One of the advantages of using EDirect to work with E-utilities in a Unix environment is Unix’s built in ability to combine commands together, taking the output of a command and using it as the input for a different command. As we previously mentioned, Unix accomplishes this using the “|” character, which allows you to “pipe” the output of one command into another command to be used as input.

EDirect commands can be combined together in this way, using “|”. For example:

esearch -db pubmed -query "seasonal affective disorder" | efetch -format xml

At first glance, this line of code is simple. We execute an esearch command to search a database (PubMed) for a query (“seasonal affective disorder”). The results of the query (a list of PMIDs that match the search criteria) are then piped into the efetch command, which retrieves full XML records for each PMID.

In reality, however, things are a little more complicated. The PMIDs from the esearch are not being piped directly into the efetch. Both esearch and efetch, as well as several other EDirect commands, make use of the E-utilities History server.

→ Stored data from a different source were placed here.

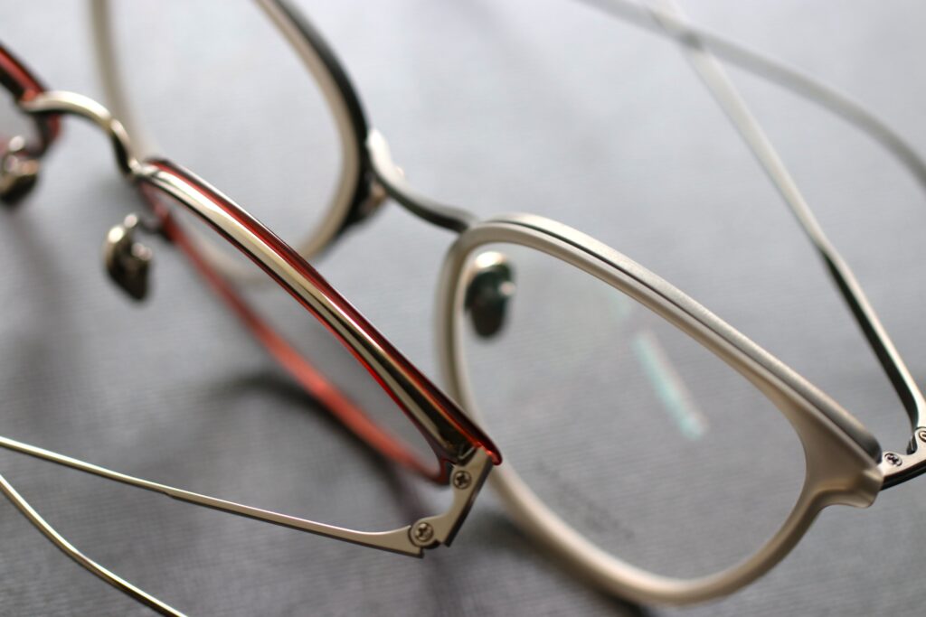 チタン製ノーズパッドは経年変化による色褪せや変色がなく、アレルギーフリーな安心感と衛生的な美しさが持続します。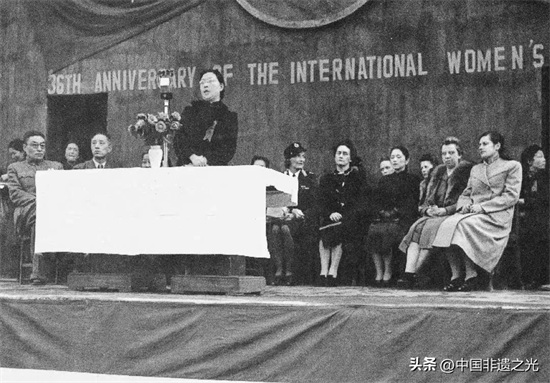 ▲20世纪40年代,重庆举行国际妇女节36周年庆祝活动。讲话者为妇女咨询总会(Women's Advisory Council)王张薇拉。后坐者左起:蒙巴顿夫人、西摩尔大使夫人、外交部副部长吴国璋夫人。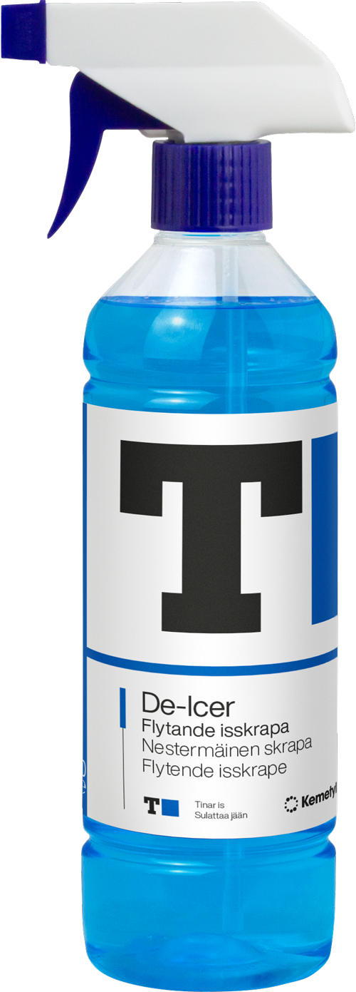 T-Blå® De-Icer Flytande isskrapa är en användbar produkt som underlättar arbetet med isiga rutor och minskar risken för skrapskador på glas och lister. Den smälter effektivt isen på vindrutan och övriga bilrutor och ger bättre sikt. T-Blå® De-Icer är särskilt framtagen för att undvika skador på torkarblad, gummitätningar och lack.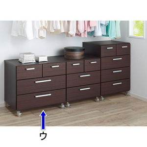 ご家庭のクローゼット収納スペースを無駄なく有効利用できる衣類用の収納タンスです。【POINT】■奥行53cmの深型通常のチェストの奥行40〜45cmに対して深めの設定。これは奥行55〜60cmあるクローゼット、ウォークインクローゼットの空間を少しでも無駄のないように使っていただきたいためです。■大引き出しはレール付き奥行が深い分収納力がアップし、引き出しが重くなるので、開閉がしやすいスライドレール式を採用しました。■クリアキャスター仕様移動がらくらくできて、お掃除もしやすくなるキャスター式です。おしゃれなクリアキャスターを採用しましたので見た目もGOODです。■サイズバリエーションは6種類幅60・73・90cm、高さ66.5(3段)・86(4段)cmの6タイプご用意。設置スペースやハンガーに掛けてある衣類の丈の長さなどに応じてお選びください。■色バリエーションは3種類(ア)ナチュラル(イ)ホワイト(ウ)ダークブラウンの3色をご用意。3色すべて木目調のデザインで優しい印象。部屋の雰囲気、壁…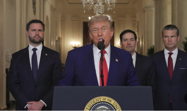 وصف ترامب عملية ضرب المفاعلات النووية الإيرانية بأنها "نجاح عسكري هائل"، مؤكدًا أن منشأة "فوردو" الإيرانية، كانت الهدف الأصعب والأكثر تحصينًا، و"قد أُبيدت تمامًا"، وأن ما قام به الجيش المريكي لا يستطيع أن يقوم به أي جيش في العالم.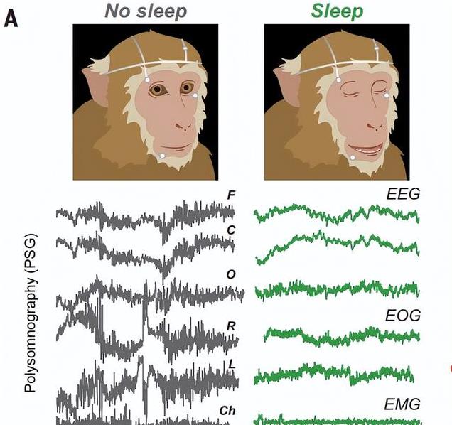 监测手段上采样用多导睡眠图(PSG)监测睡眠特征(脑电图 EEG、眼动图 EOG、肌电图 EMG)确保猕猴达到非快速眼动睡眠(NREM)1 和 2 期,还通过深度神经网络分析猕猴面部视频(闭眼、下颌放松等特征)区分 “睡眠” 和 “清醒” 状态。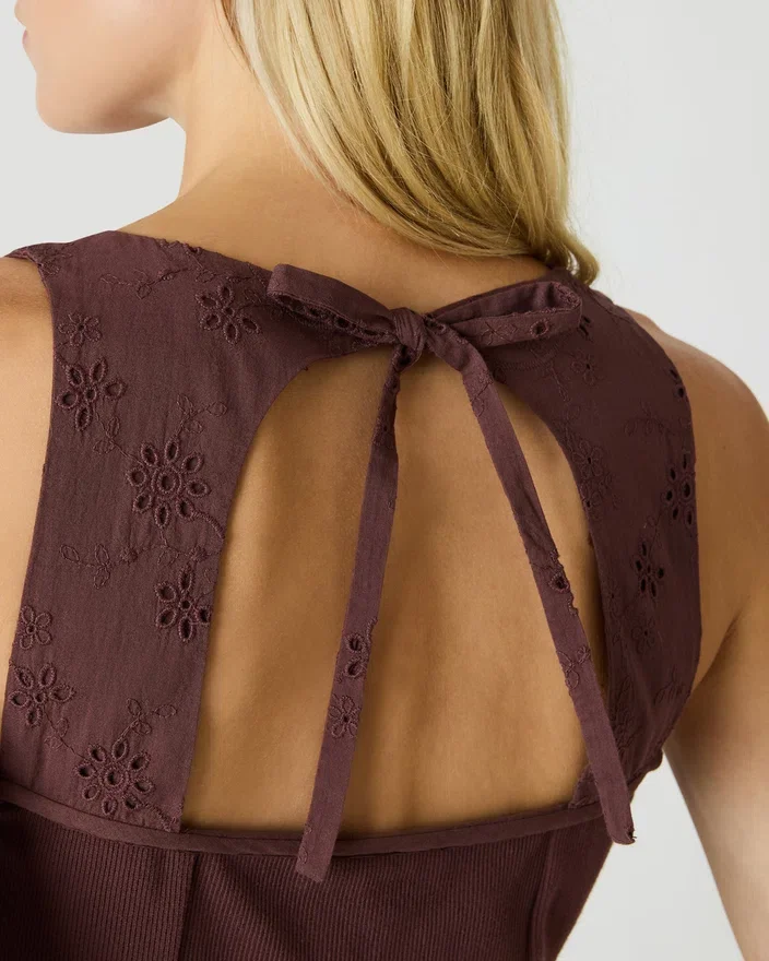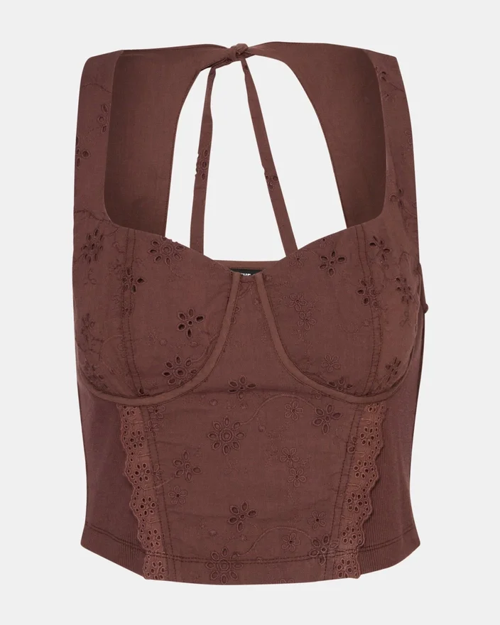 Dixie strikket topp i valnøttfarge gir uanstrengt eleganse med sin ermeløse silhuett og delikate hullmønster. En strategisk utskjæring på ryggen kombinert med en justerbar snøring skaper visuell interesse og gir mulighet for allsidig styling – kle den opp til kveldsanledninger eller ned til bruk i fritiden. Perfekt for lag-på-lag-stilen eller alene, dette plagget passer perfekt gjennom alle årstider.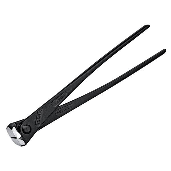 The Knipex Black Atramentized High Leverage Concreter's Nippers offer substantially higher cutting performance, as well as a damping of the cutting stroke after cutting the binding wire, two valuable ergonomic advantages for the user. They can twist and cut wire in one operation, making them fast, reliable and economical.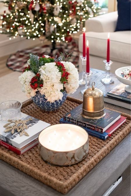 Deep reds, hunter green, navy, and warm neutrals like camel and ivory are the core of this cozy, timeless holiday style. These rich colors pair beautifully with brass candle holders, leather details, and soft velvet to create a layered and elegant look.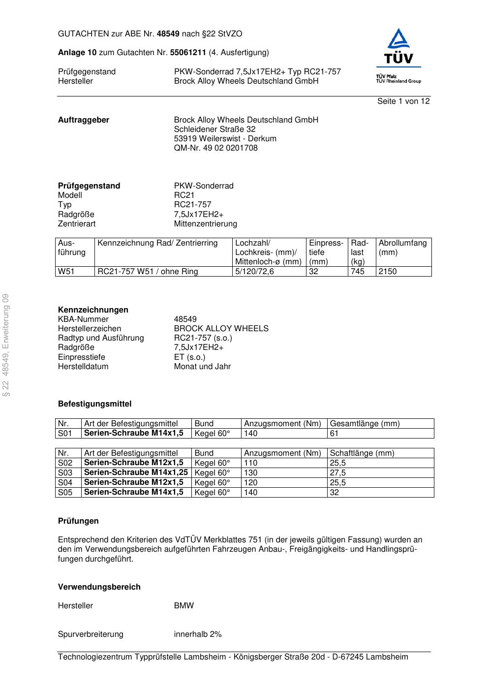 Dieses Gutachten (abe) bezieht sich auf die Alufelge Brock RC21-7 57 in der Ausführung ET 0, Mittenloch 0 mm (KBA 48549). Im PDF findest du typischerweise zulässige Reifengrößen, Auflagen/Anbauhinweise und – je nach Dokument – Hinweise zur Eintragung.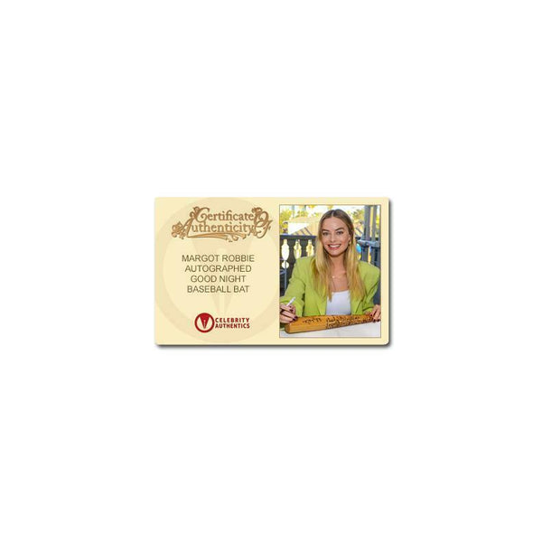 Celebrity Authentics is the exclusive autograph partner of Margot Robbie. Please be aware most other online autographs purported to be Ms. Robbie's are forgeries. Ms. Robbie has only signed with Celebrity Authentics so be sure the item you choose is affixed with the Celebrity Authentics Authentication Hologram for her genuine signature. This Officially Licensed Suicide Squad Harley Quinn Good Night Baseball Bat has been personally hand-signed by Margot Robbie during her exclusive autograph signing with Celebrity Authentics. Made of wood, bat measures 32" in length and features screen accurate markings. Say you were in a brawl with Harley Quinn, with her brandishing her favorite baseball-whacker. The first thing you'll notice about her weapon of choice are the big, friendly-looking letters etched into it, spelling out "GOOD NIGHT." The message isn't so friendly though, as you'll quickly find out. If you take a closer look at the lovely detailing on the bat, you'll notice everything else written on it. You might even get a chance to read some of it before you get bopped on the noggin and doze off to Dreamland. Of course, you could also just carry this official Good Night Bat around, which is just like the one Harley Quinn uses in Suicide Squad! This coveted prop replica ships affixed with Celebrity Authentics serial-numbered and tamper evident Authentication Hologram and includes Celebrity Authentics Certificate of Authenticity featuring picture of Margot signing bat. Please note: with multiples signed by the actor, a sample photo is used from stock to represent what you will receive. Exact autograph size and placement may vary.

This History server keeps track of your previous queries, just like the History function in the PubMed Advanced Search Builder. Rather than outputting a list of PMIDs, esearch saves that list of PMIDs on the History server, and outputs two pieces of information which let you retrieve that list later: a Web Environment string (which identifies your specific history, as opposed to another user’s history), and a Query Key (identifying which specific set of results you would like to retrieve).

When you pipe the output of an esearch to an efetch, you are actually piping the Web Environment string and Query Key from the esearch to the efetch. The efetch then uses that information to retrieve the correct list of PMIDs from this History server, and uses that list of PMIDs as input.

A diagram showing an esearch-efetch pipeline, using the History server: The esearch command pipes stores a DB identifier and a list of PMIDs on the history server, and pipes the Web Environment string and Query Key to an efetch command; the efetch command uses this information to retrieve the correct DB identifier and PMIDs from the history server

In most cases, you can ignore the History server, and think of “|” as sending PMIDs from one command to the next. However, the History server makes it possible to create some longer and more powerful data pipelines, so it is important to understand what is at work.